◆ **Exercise objective**:
For the listing that follows, give again exactly the lines from the one with "Gemeinsam ging es" to the one with "Gancini leather belt", including both.

◆ **Source material**:
____________________
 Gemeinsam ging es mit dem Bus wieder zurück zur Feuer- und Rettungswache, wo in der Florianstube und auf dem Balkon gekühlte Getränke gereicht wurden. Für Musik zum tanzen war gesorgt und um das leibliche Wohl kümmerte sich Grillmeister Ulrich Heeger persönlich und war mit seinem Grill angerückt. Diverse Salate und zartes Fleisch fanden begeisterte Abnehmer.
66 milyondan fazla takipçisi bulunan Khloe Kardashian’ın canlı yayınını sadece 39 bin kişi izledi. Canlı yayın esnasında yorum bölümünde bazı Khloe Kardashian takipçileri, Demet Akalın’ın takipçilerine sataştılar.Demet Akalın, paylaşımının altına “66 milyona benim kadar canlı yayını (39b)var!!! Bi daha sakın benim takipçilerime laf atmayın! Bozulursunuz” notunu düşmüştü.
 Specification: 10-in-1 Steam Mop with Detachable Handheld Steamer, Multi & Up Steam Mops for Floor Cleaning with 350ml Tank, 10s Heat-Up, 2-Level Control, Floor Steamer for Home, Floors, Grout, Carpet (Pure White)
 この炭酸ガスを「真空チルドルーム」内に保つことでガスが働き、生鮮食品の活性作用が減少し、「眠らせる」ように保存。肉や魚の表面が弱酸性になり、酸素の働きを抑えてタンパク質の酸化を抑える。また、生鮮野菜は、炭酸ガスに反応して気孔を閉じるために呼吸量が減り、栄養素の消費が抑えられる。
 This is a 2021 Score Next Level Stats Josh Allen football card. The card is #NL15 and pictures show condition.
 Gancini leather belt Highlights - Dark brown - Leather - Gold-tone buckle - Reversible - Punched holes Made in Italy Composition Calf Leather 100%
____________________
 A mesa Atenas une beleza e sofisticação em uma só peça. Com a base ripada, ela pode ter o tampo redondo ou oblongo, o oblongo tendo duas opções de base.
____________________
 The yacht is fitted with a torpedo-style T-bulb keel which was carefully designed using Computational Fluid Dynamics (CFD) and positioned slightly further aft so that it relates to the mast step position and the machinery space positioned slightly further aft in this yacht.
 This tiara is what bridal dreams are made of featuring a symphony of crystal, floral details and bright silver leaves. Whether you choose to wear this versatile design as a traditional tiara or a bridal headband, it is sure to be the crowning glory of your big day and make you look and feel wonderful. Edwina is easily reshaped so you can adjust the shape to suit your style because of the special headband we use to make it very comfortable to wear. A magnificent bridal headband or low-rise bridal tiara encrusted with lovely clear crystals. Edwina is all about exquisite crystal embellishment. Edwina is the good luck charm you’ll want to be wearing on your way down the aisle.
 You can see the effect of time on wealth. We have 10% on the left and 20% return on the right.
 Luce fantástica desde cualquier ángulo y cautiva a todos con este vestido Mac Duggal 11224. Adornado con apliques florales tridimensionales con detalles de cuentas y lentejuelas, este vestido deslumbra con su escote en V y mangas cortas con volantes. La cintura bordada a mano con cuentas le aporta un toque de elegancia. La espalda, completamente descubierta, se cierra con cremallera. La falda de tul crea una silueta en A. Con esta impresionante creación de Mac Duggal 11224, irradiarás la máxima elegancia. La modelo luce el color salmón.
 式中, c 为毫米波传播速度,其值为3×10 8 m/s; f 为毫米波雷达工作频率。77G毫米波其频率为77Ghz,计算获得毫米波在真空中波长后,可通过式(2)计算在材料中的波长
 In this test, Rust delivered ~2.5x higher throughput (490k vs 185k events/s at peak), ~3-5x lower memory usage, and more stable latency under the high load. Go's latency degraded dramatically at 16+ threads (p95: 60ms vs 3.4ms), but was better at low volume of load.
____________________
◆ **Answer to this problem**:
 Gemeinsam ging es mit dem Bus wieder zurück zur Feuer- und Rettungswache, wo in der Florianstube und auf dem Balkon gekühlte Getränke gereicht wurden. Für Musik zum tanzen war gesorgt und um das leibliche Wohl kümmerte sich Grillmeister Ulrich Heeger persönlich und war mit seinem Grill angerückt. Diverse Salate und zartes Fleisch fanden begeisterte Abnehmer.
66 milyondan fazla takipçisi bulunan Khloe Kardashian’ın canlı yayınını sadece 39 bin kişi izledi. Canlı yayın esnasında yorum bölümünde bazı Khloe Kardashian takipçileri, Demet Akalın’ın takipçilerine sataştılar.Demet Akalın, paylaşımının altına “66 milyona benim kadar canlı yayını (39b)var!!! Bi daha sakın benim takipçilerime laf atmayın! Bozulursunuz” notunu düşmüştü.
 Specification: 10-in-1 Steam Mop with Detachable Handheld Steamer, Multi & Up Steam Mops for Floor Cleaning with 350ml Tank, 10s Heat-Up, 2-Level Control, Floor Steamer for Home, Floors, Grout, Carpet (Pure White)
 この炭酸ガスを「真空チルドルーム」内に保つことでガスが働き、生鮮食品の活性作用が減少し、「眠らせる」ように保存。肉や魚の表面が弱酸性になり、酸素の働きを抑えてタンパク質の酸化を抑える。また、生鮮野菜は、炭酸ガスに反応して気孔を閉じるために呼吸量が減り、栄養素の消費が抑えられる。
 This is a 2021 Score Next Level Stats Josh Allen football card. The card is #NL15 and pictures show condition.
 Gancini leather belt Highlights - Dark brown - Leather - Gold-tone buckle - Reversible - Punched holes Made in Italy Composition Calf Leather 100%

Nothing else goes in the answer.